Inizia a muovere i primi passi la stagione indoor italiana. Il primo weekend di gare distinto fra le prove di Schio, Ancona e Modena vede risaltare soprattutto Chiara Rosa, la pesista delle FF.AA. che ha scagliato l’attrezzo a 17,83, prestazione di assoluto rilievo che costituisce il suo personale in sala e il quarto risultato italiano all time. Il minimo Iaaf per i Mondiali di Mosca è a soli 17 centimetri, uno stimolo a migliorarsi ancora visto che siamo solo ad inizio stagione. Bene anche Dodoni nella prova maschile, 18,97 con lo junior Spallanzani arrivato a 18,09 A Modena positivi riscontri per Andrea Giaconi, che ha corso i 60hs in 6.79, ma gli onori della cronaca spettano al ritorno a buoni livelli di Francesco Scuderi, che sui 60, dopo un 2005 interpretato come semplice approccio all’atletica, ha corso in 6.74. Il suo ritorno va salutato con ottimismo e curiosità soprattutto in vista dell’attività all’aperto.
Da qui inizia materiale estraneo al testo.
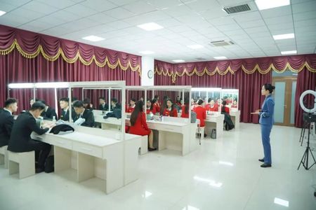 王妍对山航企业文化进行了宣讲和解读,帮助学生进一步熟悉和了解公司。刘燕祺、赵丽分别讲授《山航客舱英语广播词》《山航乘务员专业化形象》课程。刘燕祺紧密结合航空公司和乘务员岗位对英语能力的要求开展教学,并在模拟客舱广播环节逐一纠正发音,提升学生专业表达和交流能力。赵丽聚焦乘务员的职业形象塑造,围绕仪容仪表、着装规范、神态管理等展开系统讲解与现场示范,针对学生存在的具体问题进行指导,切实提升其专业化形象管理水平。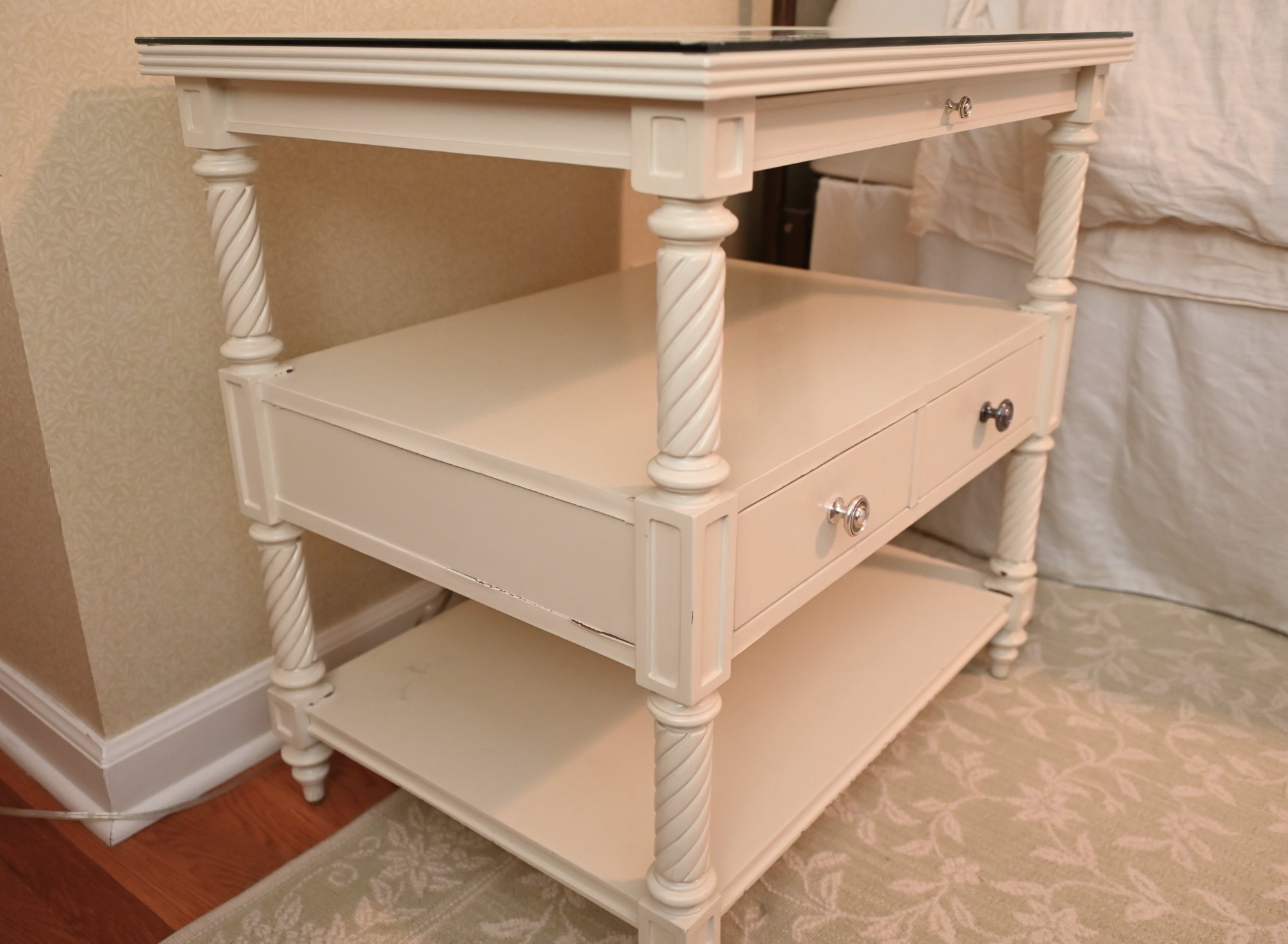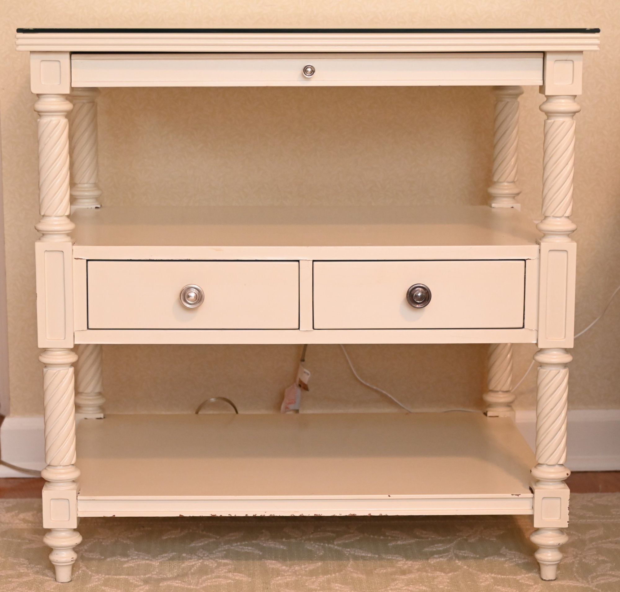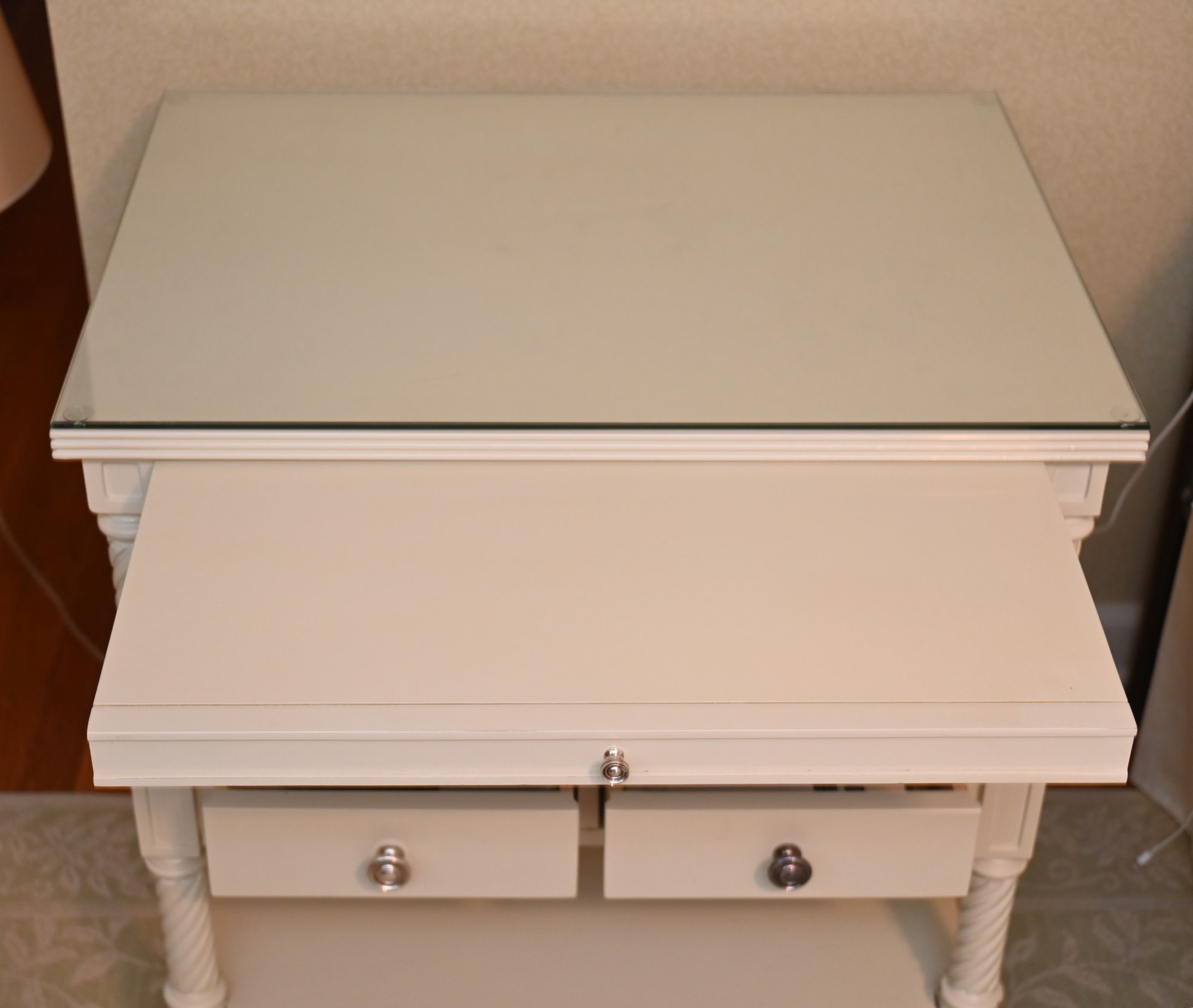 Finished in a soft, creamy white, the piece features beautifully turned and twisted legs that add a touch of sophistication and craftsmanship. The table is topped with a glass surface, enhancing its refined appeal while providing durability and easy maintenance. Below, two drawers with sleek metal knobs offer convenient storage for small essentials, while an open shelf beneath allows for stylish display or additional organization.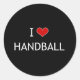 "I Love Handball", lettrage blanc sur arrière - plan noir, autocollant rond.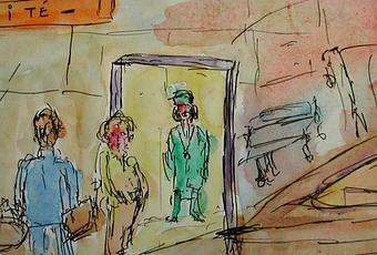 Pour illustrer son propos, un reportage suivait immédiatement. Il débutait par une scène, dont je me rappelais confusément. Pour ne pas l’oublier, je me suis levé et j’ai tout de suite fait unpetit croquis.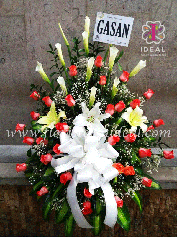 Delicado arreglo de condolencia esta elaborado en hermosos cartuchos,rosas,lirios y follajes verdes y blancos

Nei 60hs donne 8.35 della Cattaneo, nell’asta 3,80 della Azzolini. Ad Ancona si è rivista Benedetta Ceccarelli, che ha corso i 400 in 55.42 battendo nettamente la De Angeli (57.16). I 60 sono andati alla Tomasicchio in 6.87. Nella foto: Chiara Rosa in occasione degli Europei Under23 di Erfurt 2005 chiusi al terzo posto (Omega/Fidal)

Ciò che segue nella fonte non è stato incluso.